Slovakia: Tainted by corruption in Bratislava, in charge of privatisation in Athens
7 August 2012
SME, The Slovak Spectator
In January 2012, when the “Gorilla” scandal hit the headlines, Anna Bubeníková found herself at the centre of revelations of corruption in Slovakia contained in intelligence reports published on the Internet and was forced to resign as director of the National Property Fund (FNM), where she was responsible for privatisation. Today, SME reports ironically, she is “the saviour of the euro”. For, as revealed by Slovakian television channel Markíza TV, she has been chosen to serve on a European Commission committee to oversee privatisation in Greece.
Anna Bubeníková was recommended to the EU in July 2011 by former Slovak Finance Minister Ivan Miklos. The government in power in Slovakia since March, however, is now calling for her appointment be reconsidered by the Eurogroup “due to ethical concerns,” explains the Slovak Spectator.

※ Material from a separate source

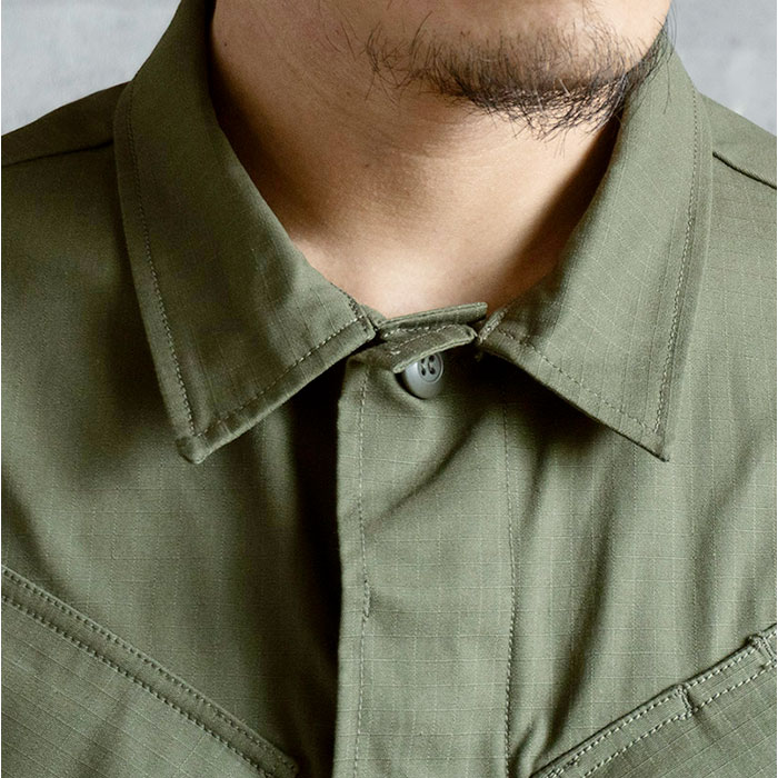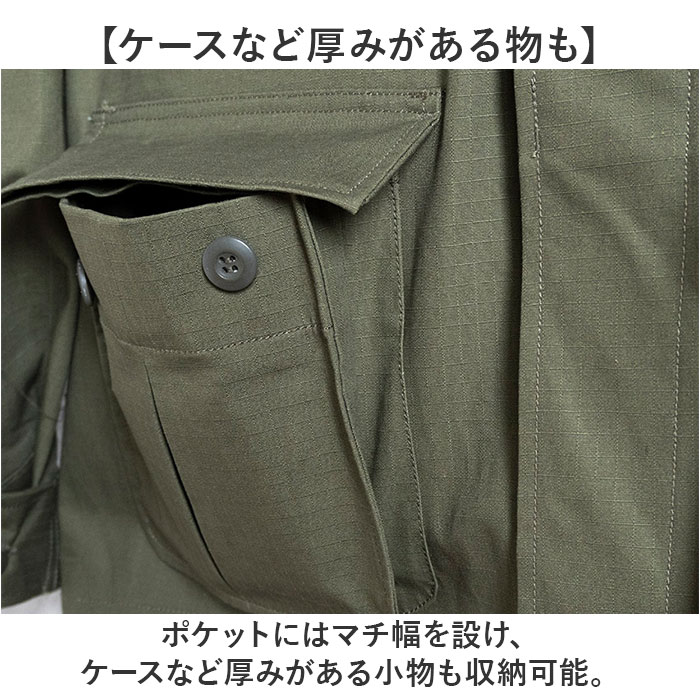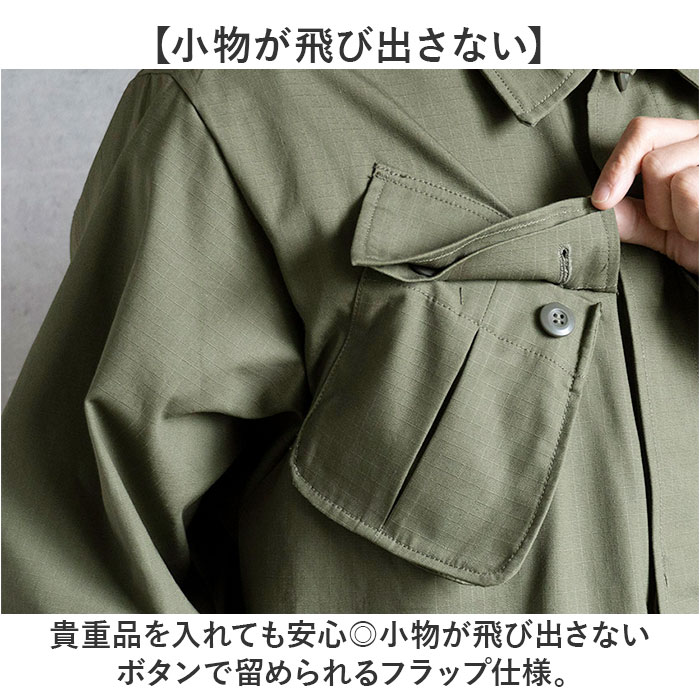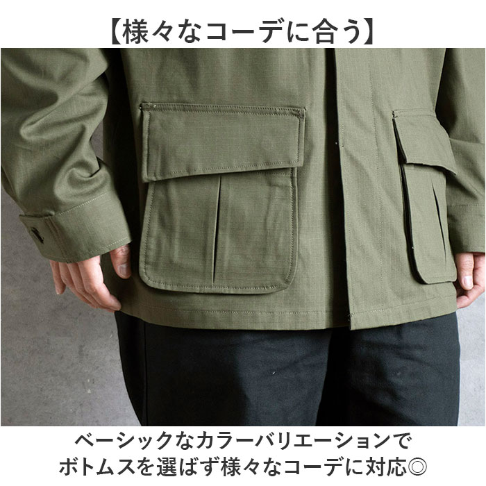 | 【最終モデルを忠実に再現】 ・ジャングルファティーグ4thモデルを素材や仕様、デザインまで忠実に再現したアイテム 【ジャングルファティーグ】 ・1962年に採用されたジャングルファティーグから完成度の高い最終モデルを採用。 【リップストップ生地】 ・破れにくいコットンポプリンのリップストップ生地を使用し、毎日使っても安心なタフ仕様 【実用性も兼ねた4ポケット】 ・フロントには4つのポケット付き。デザイン性はもちろん、実用性も兼ねた作り◎ 【ケースなど厚みがある物も】 ・ポケットにはマチ幅を設け、ケースなど厚みがある小物も収納可能。 【小物が飛び出さない】 ・貴重品を入れても安心◎小物が飛び出さないボタンで留められるフラップ仕様。 【シンプルなワンカラー】 ・年代問わず使えるシンプルなワンカラー。オフィスカジュアルにもオススメ♪ 【様々なコーデに合う】 ・ベーシックなカラーバリエーションでボトムスを選ばず様々なコーデに対応◎ 【ミリタリーが好きな方に】 ・本格的な作りでミリタリーが好きな方にもオススメなアイテム。 |

However, notes SME, the Slovak justice system has still not seen fit to question Bubeníková. Cynically, the daily writes that “if the troika [EU-ECB-IMF] is indifferent” to the allegations of corruption hanging over Bubeníková, “there is no reason it should not help the Greeks.” After all,
If the tempo of privatisation in Greece were just half the tempo of privatisation in Slovakia, there would be a good chance of saving the eurozone. [...] As stated in the “Gorilla” document, Bubeníková is very efficient. Selling off 50 billion euros of assets by the deadline of 2015 should be a cakewalk for her.